(Collected data)
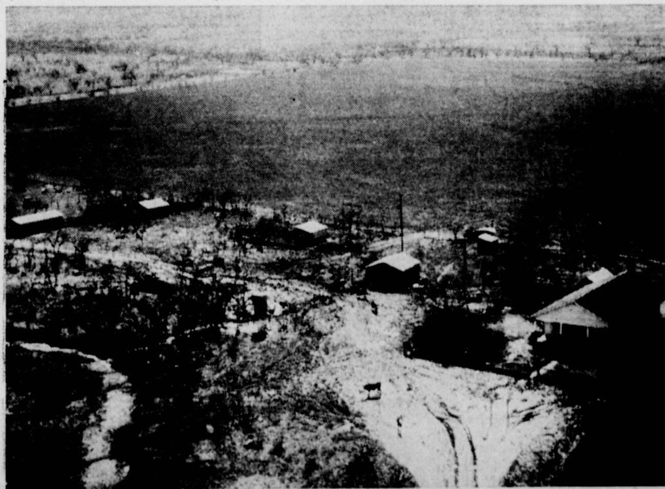
Who Lives Here?
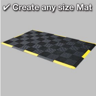
✓ Create any size Mat
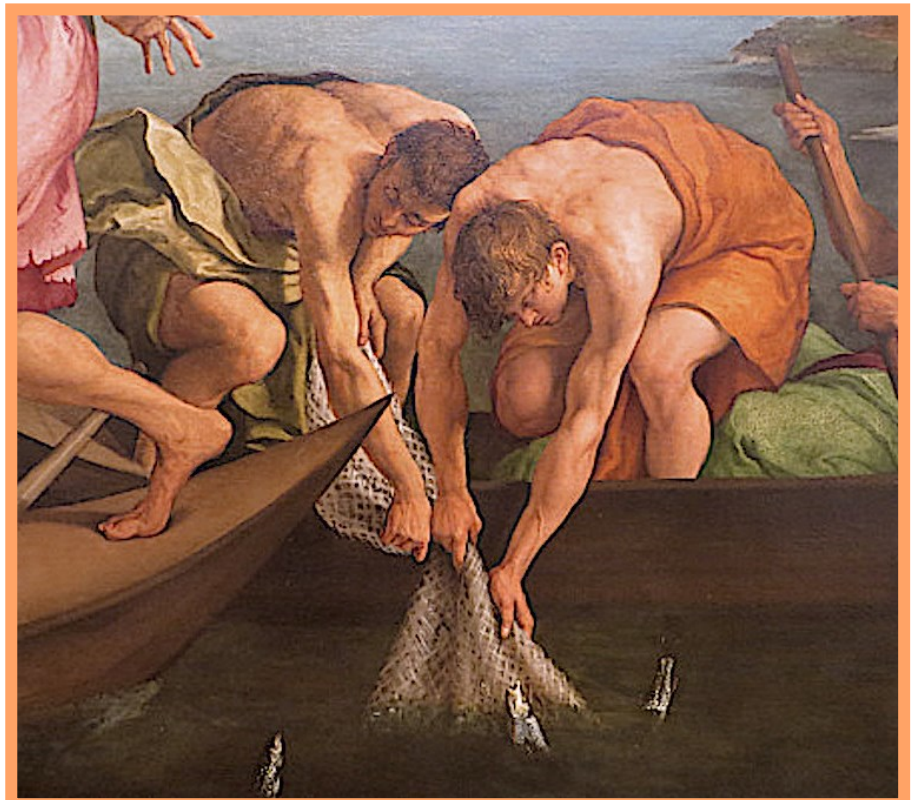
Jacopo Bassano, Miraculous Draught of Fishes (detail) 1545
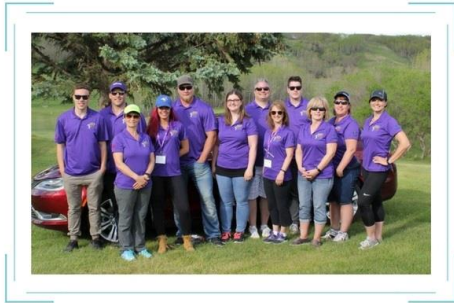
GOLF 'FORE' KIDS SAKE CADDIES
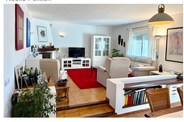
KPI1364 - Casa en venta - Haus zu verkaufen - House for sale - Huis te koop - www.kensington-ibiza.com - Noelle Politiek
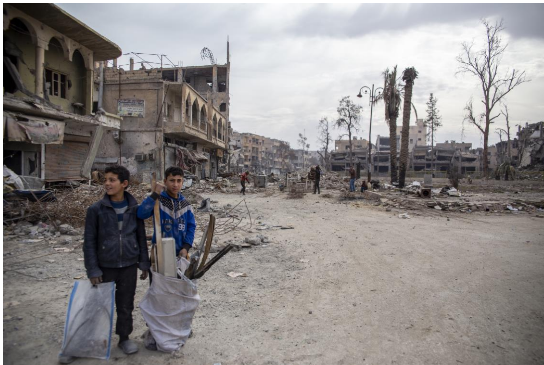
Children scavenging for scrap metal in the rubble of destroyed buildings in Raqqa, where many of the buildings were mined by IS and where children and adults are frequently killed and injured by mines.

Daily labourers and scavengers are sometimes referred to as “unofficial de-miners” because they risk their lives working in the rubble of bombed-out buildings which may be mined. A local businessman told Amnesty International:

▶ **TASK GOAL**
The result should be all the records, retyped exactly, with no pictures among them.

▶ **THE ANSWER**
Who Lives Here?
✓ Create any size Mat
Jacopo Bassano, Miraculous Draught of Fishes (detail) 1545
GOLF 'FORE' KIDS SAKE CADDIES
KPI1364 - Casa en venta - Haus zu verkaufen - House for sale - Huis te koop - www.kensington-ibiza.com - Noelle Politiek
Children scavenging for scrap metal in the rubble of destroyed buildings in Raqqa, where many of the buildings were mined by IS and where children and adults are frequently killed and injured by mines.

Daily labourers and scavengers are sometimes referred to as “unofficial de-miners” because they risk their lives working in the rubble of bombed-out buildings which may be mined. A local businessman told Amnesty International:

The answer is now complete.